▸ **EXERCISE INSTRUCTIONS**
A partial copy is required: transcribe exactly the lines from the one containing "本次志愿活动共有8人参与,志" through the last line below, without any pictures.

[Data items]
┄┄┄┄┄┄┄┄┄┄┄┄┄┄┄┄┄┄┄┄
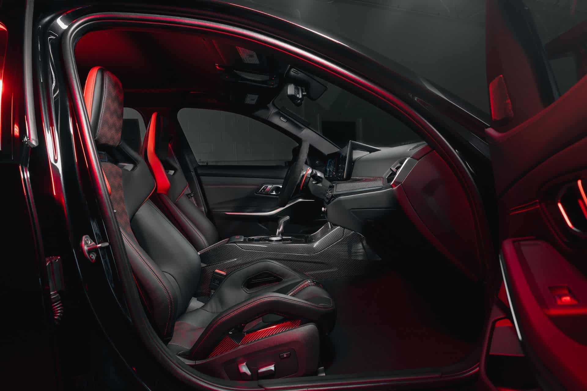 As captivating as its exterior, the interior of the 2024 BMW M3 CS leaves a lasting impression. Inside, you’ll be greeted by carbon bucket seats donning a striking two-tone color combination, complemented by a sleek carbon fiber center console. An interesting tidbit to note is the absence of cup holders, mirroring the characteristic of the M4 CSL. The most significant upgrades compared to the CSL model are the inclusion of iDrive 8 and a generously-sized curved display.
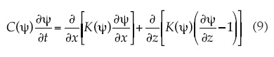donde ψ es el potencial de presión del agua en el suelo, expresado como la altura de una columna equivalente de agua [L] (positivo en la zona saturada y negativo en la zona no saturada del suelo); C(ψ) = dθ/dψ es denominada la capacidad específica de humedad del suelo; θ = θ(ψ) es el volumen de agua por unidad de volumen de suelo o contenido volumétrico de agua [L3L-3], y es una función de y conocida como curva característica de humedad o curva de retención del agua; K = K(ψ) es la conductividad hidráulica [LT-1], que en un suelo parcialmente saturado es una función del potencial de presión; el potencial gravitacional es asimilado a la coordenada espacial z, orientada positivamente hacia abajo [L]; ∇ = (∂/∂x,∂/∂y,∂/∂z) es el operador gradiente; x, y son las otras dos coordenadas espaciales [L] ,y t es el tiempo [T].
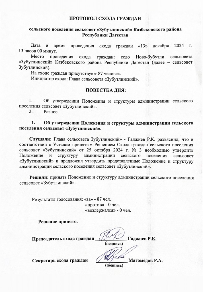 В заключение, жители Зубутлинского сельсовета выразили надежду, что их предложения будут услышаны и учтены при принятии решений, касающихся их жизни и благосостояния.
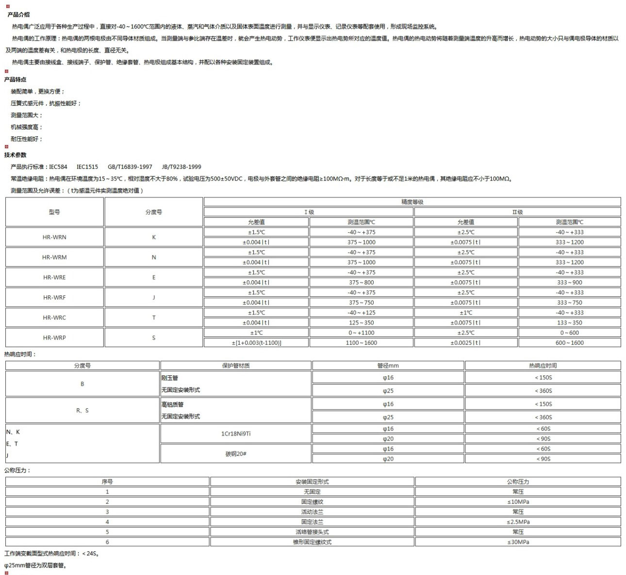 熱電偶(thermocouple)是溫度測量儀表中常用的測溫元件,它直接測量溫度,并把溫度信號轉換成熱電動勢信號,通過電氣儀表(二次儀表)轉換成被測介質的溫度。各種熱電偶的外形常因需要而不相同,但是它們的基本結構卻大致相同,通常由熱電極、絕緣套保護管和接線盒等主要部分組成,通常和顯示儀表、記錄儀表及電子調節器配套使用。
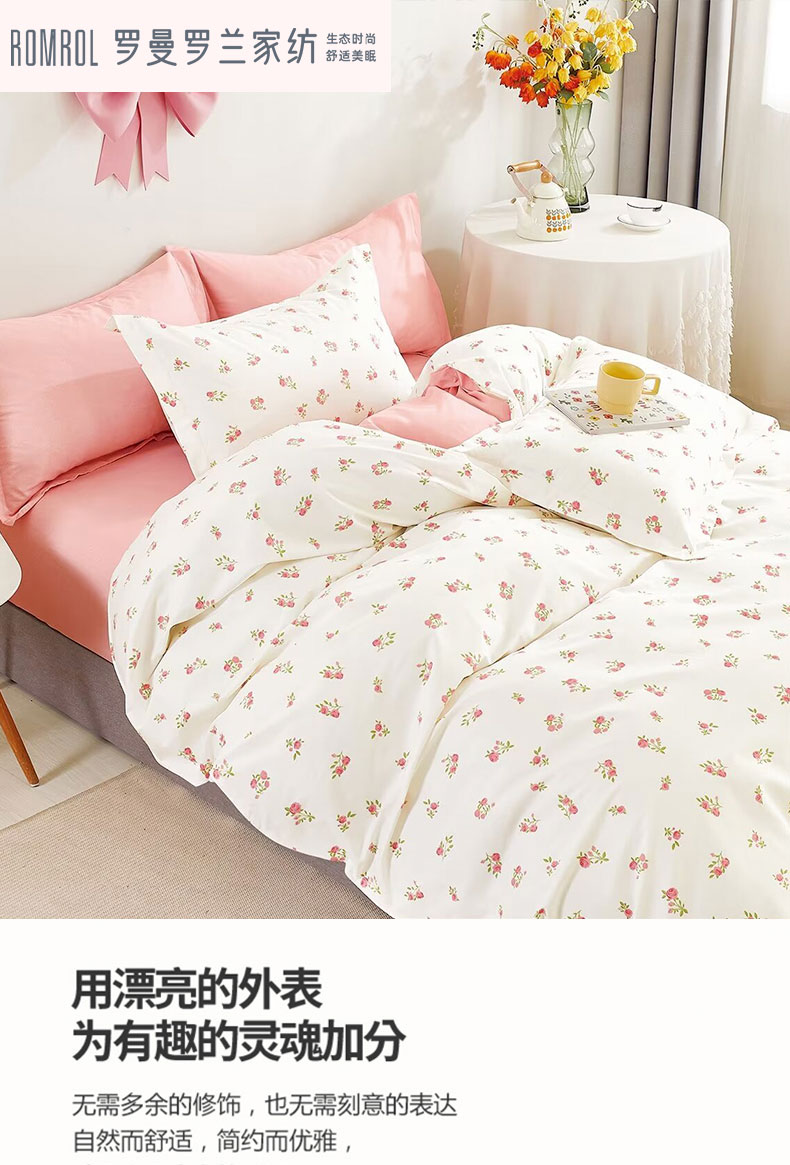 罗曼罗兰全棉四件套 淡妆初夏 红-4
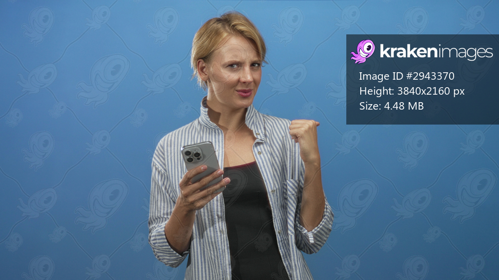 Woman holding smartphone, texting and smiling while glancing at the screen in a blue studio wearing a striped shirt; triumph confidence.
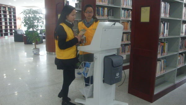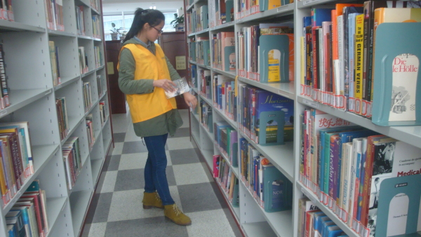 本次志愿活动共有8人参与,志愿者们先抵达图书馆四楼外文图书馆,并在图书管理员的带领下很快熟悉了阅读者管理和书籍归位两方面的工作内容。志愿者们在图书馆整理图书,规范读者秩序。为给阅读者留出更多的阅读空间,志愿者将占座的书籍整理好放置桌子中间;同时为让图书能够无限的传阅借读,志愿者们借助电子扫描仪及电脑设备及时将书籍上架归位,并把下架的书整理好送到二楼收纳处。在短短的两个半小时活动中,志愿者们都坚守着自己的志愿岗位,在浓浓的书香中,传递着志愿者的服务精神。
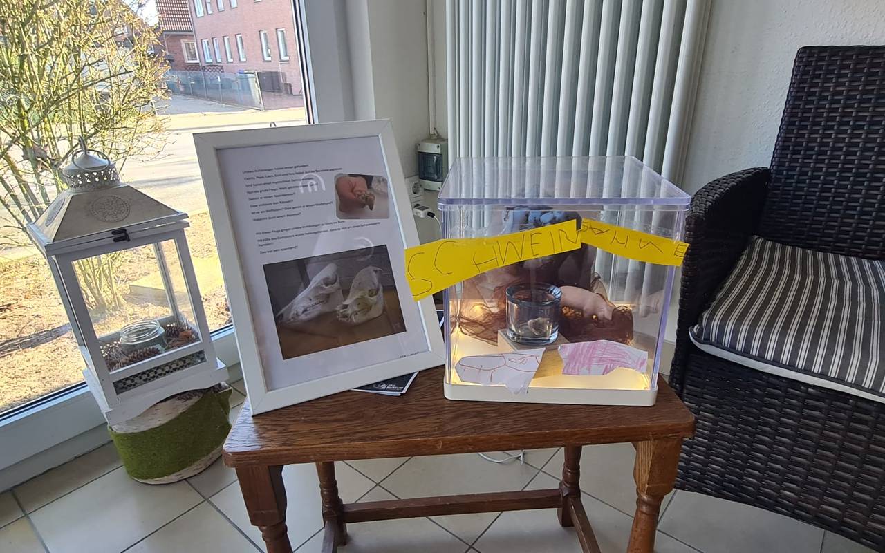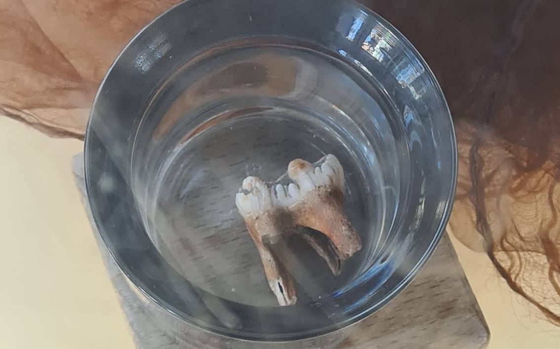 Die Jungs haben auf ihrer Kita-Baustelle im Garten gebuddelt und dabei den Zahn entdeckt. Nachdem sie ihn gewaschen und in ein Taschentuch gewickelt hatten, haben sie ihren Erzieherinnen und Leiterin Silvia Mertmann davon erzählt. Erst haben sie gemeinsam überlegt und mit Hilfe des Internets versucht herauszufinden, was das für ein Zahn ist. Dann ist die Mutter von Noa gemeinsam mit Noa und Emil zur offenen Sprechstunde im Geomuseum der Uni in Münster gefahren und hat dort den Fund gezeigt. Erst hier stellte sich heraus: der Wildschweinzahn ist richtig alt. Die Kinder sind super stolz und der Zahn liegt jetzt gemeinsam mit Bildern und selbstgeschriebenen Texten in einer Vitrine in der Kita.
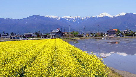 天気が最高で、途中、安曇野のスイス村の菜の花とアルプスがwonderfulでした。
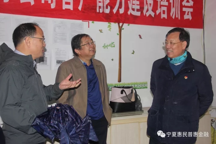 在村中心,龙治普董事长向开行来宾介绍了惠民公司发展历程、信贷模式、信贷风险的防范。接着,由西吉分公司主任周成发引导来宾参观龙王坝村中心,就一些开行资金的使用情况,客户的经营致富事例,村组建设等向来宾一一做了讲解。
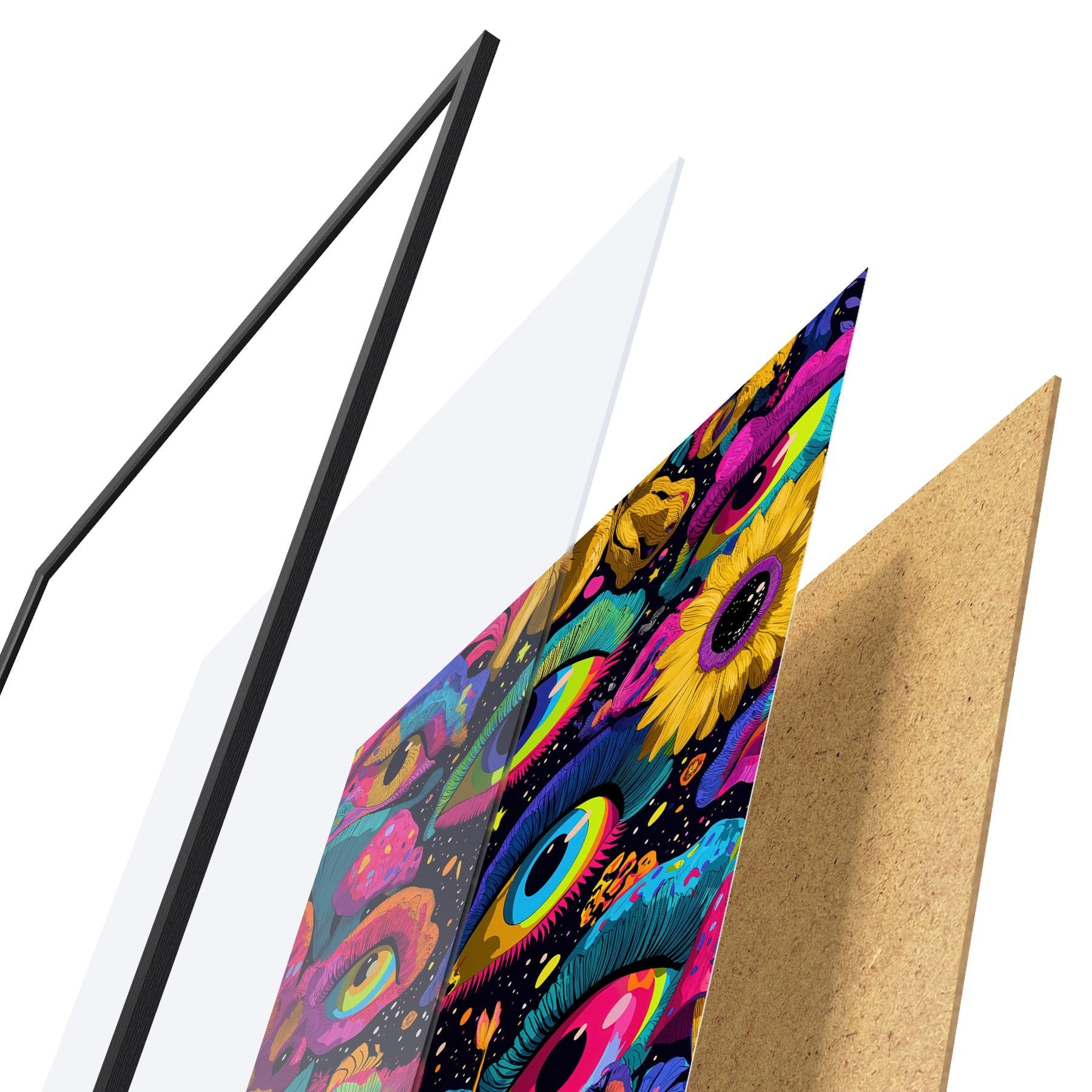De poster bestaat uit een frame, plexiglas, geprinte afbeelding en spaanplaat achterkant. De poster kan meteen aan de muur worden gehangen dankzij de bevestigingen op de achterkant.
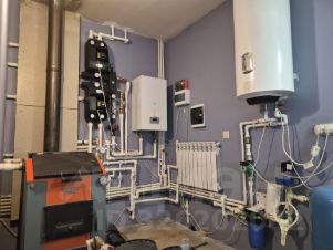 Отопление: электрокотел 14кВт., твердотопливное и газ при подключении.
┄┄┄┄┄┄┄┄┄┄┄┄┄┄┄┄┄┄┄┄
▸ **WRITTEN RESPONSE**
 本次志愿活动共有8人参与,志愿者们先抵达图书馆四楼外文图书馆,并在图书管理员的带领下很快熟悉了阅读者管理和书籍归位两方面的工作内容。志愿者们在图书馆整理图书,规范读者秩序。为给阅读者留出更多的阅读空间,志愿者将占座的书籍整理好放置桌子中间;同时为让图书能够无限的传阅借读,志愿者们借助电子扫描仪及电脑设备及时将书籍上架归位,并把下架的书整理好送到二楼收纳处。在短短的两个半小时活动中,志愿者们都坚守着自己的志愿岗位,在浓浓的书香中,传递着志愿者的服务精神。
 Die Jungs haben auf ihrer Kita-Baustelle im Garten gebuddelt und dabei den Zahn entdeckt. Nachdem sie ihn gewaschen und in ein Taschentuch gewickelt hatten, haben sie ihren Erzieherinnen und Leiterin Silvia Mertmann davon erzählt. Erst haben sie gemeinsam überlegt und mit Hilfe des Internets versucht herauszufinden, was das für ein Zahn ist. Dann ist die Mutter von Noa gemeinsam mit Noa und Emil zur offenen Sprechstunde im Geomuseum der Uni in Münster gefahren und hat dort den Fund gezeigt. Erst hier stellte sich heraus: der Wildschweinzahn ist richtig alt. Die Kinder sind super stolz und der Zahn liegt jetzt gemeinsam mit Bildern und selbstgeschriebenen Texten in einer Vitrine in der Kita.
 天気が最高で、途中、安曇野のスイス村の菜の花とアルプスがwonderfulでした。
 在村中心,龙治普董事长向开行来宾介绍了惠民公司发展历程、信贷模式、信贷风险的防范。接着,由西吉分公司主任周成发引导来宾参观龙王坝村中心,就一些开行资金的使用情况,客户的经营致富事例,村组建设等向来宾一一做了讲解。
De poster bestaat uit een frame, plexiglas, geprinte afbeelding en spaanplaat achterkant. De poster kan meteen aan de muur worden gehangen dankzij de bevestigingen op de achterkant.
 Отопление: электрокотел 14кВт., твердотопливное и газ при подключении.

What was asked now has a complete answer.